Mace is understood to have beaten Bovis Lend Lease, Skanska and Sir Robert McAlpine to the deal to build London Bridge Place - also known as the Gem or the Baby Shard - which is thought to be worth about £200 million.
The 17-storey, 55,700 sq m office block is next to the 310 m Shard of Glass, which Mace is currently building on a £426m fixed-price contract.
But Sir Robert McAlpine is thought to have beaten Mace to the £130m Milton Court tower job for Heron Properties.
The project is to build a 36-storey, 284-apartment mixed-use tower, known officially as The Heron, on Silk Street adjacent to the Barbican Centre in the City of London.
The ground floors of The Heron will also be the new home of the Guildhall School of Music & Drama, featuring a 608-seat concert hall, a 227-seat drama theatre and a 126-seat studio theatre.
Brookfield and Galliford Try had been eliminated at an earlier stage, leaving Mace and McAlpine to go head-to-head for the contract.

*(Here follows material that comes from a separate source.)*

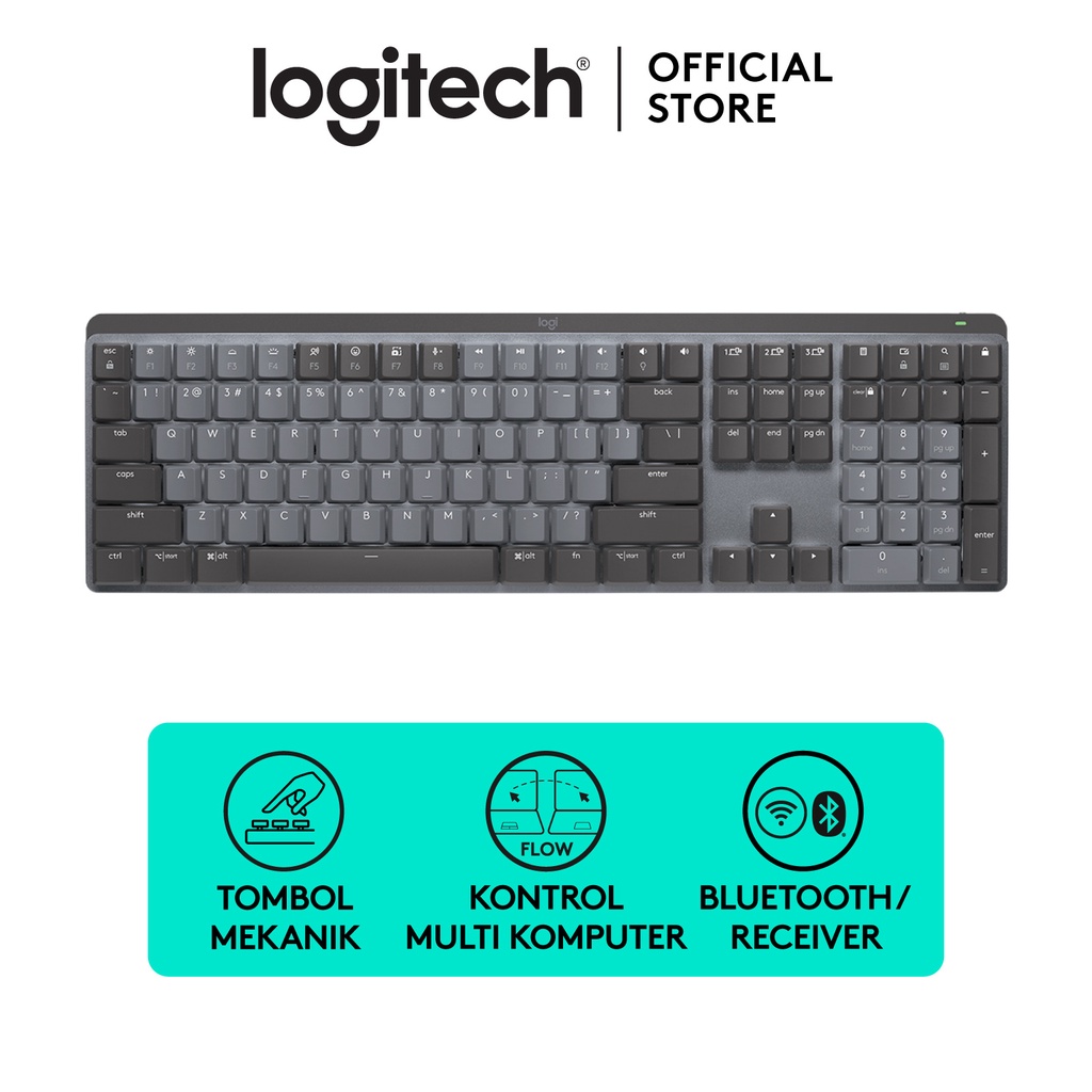 Logitech MX Mechanical adalah keyboard full-size yang menawarkan nuansa, presisi, dan kinerja luar biasa. Dengan tipe tombol switch Tactile Quiet, keyboard ini memberikan feedback yang memuaskan dan pengetikan yang sederhana. Keycap dua warna dan backlight cerdas membantu memandu penglihatan dan menjaga fokus dalam alur kerja. Didesain ergonomis dengan fitur smart backlighting dan easy-switch, keyboard ini dapat terhubung hingga 3 perangkat dan membuatmu tetap fokus bekerja dalam waktu lama. Persyaratan sistem yang kompatibel dengan berbagai perangkat dan port USB-A kosong memastikan kenyamanan penggunaan. Dengan baterai yang dapat diisi ulang, keyboard ini memiliki daya tahan yang lama, dan pengaturan backlight yang otomatis menyesuaikan dengan kondisi pencahayaan.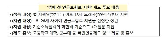 아울러 첫 보험료 지원으로 국민연금 가입자가 된 후에는 두루누리 보험료 지원, 저소득 지역가입자 보험료 지원, 실업크레딧 등 다양한 지원 제도의 혜택을 받을 수 있다.

The pair have been locking horns on a number of big London jobs recently.
In February, Mace won the £120m Park House contract from Land Securities, while McAlpine took the developer’s £100m Selborne House project.
Mace chief executive Stephen Pycroft last year told Construction News that he wanted the firm, which began life as a construction management company in 1990, to be “recognised as the leading high-profile tall buildings construction firm in Europe”.
He said the firm had the capacity to take on two more major contracts alongside the Shard.
It has since won Park House and the Baby Shard, but it is understood that it could still look for another big deal.
Sir Robert McAlpine, one of the UK’s oldest construction firms, is best known for its retail and arena construction.
It is currently working on the Olympic Stadium for London 2012, having built Arsenal’s Emirates ground and the O2 arena in London.
The latest London Crane Survey from consultancy Drivers Jonas Deloitte concluded that now was the right time to start commercial new-builds, with the development pipeline heading towards its lowest level ever and rising rents making profit margins more appealing.
The report was positive news for the London market this week, with less positive signs coming from the Investment Property Databank, which suggested rents in the UK more broadly are still in decline.
The survey showed there were 33 office schemes under construction across central London, compared to 49 just six months ago and 106 in 2008.
Only 530,000 sq m of office space is currently under construction and just 92,000 sq m will be delivered in 2011 - which would be the lowest annual delivery since the survey began in the early 1980s.
Six office developments started on site over the past six months, all of them located in the West End.
But there have been no new starts in the City, Southwark, Midtown or Canary Wharf.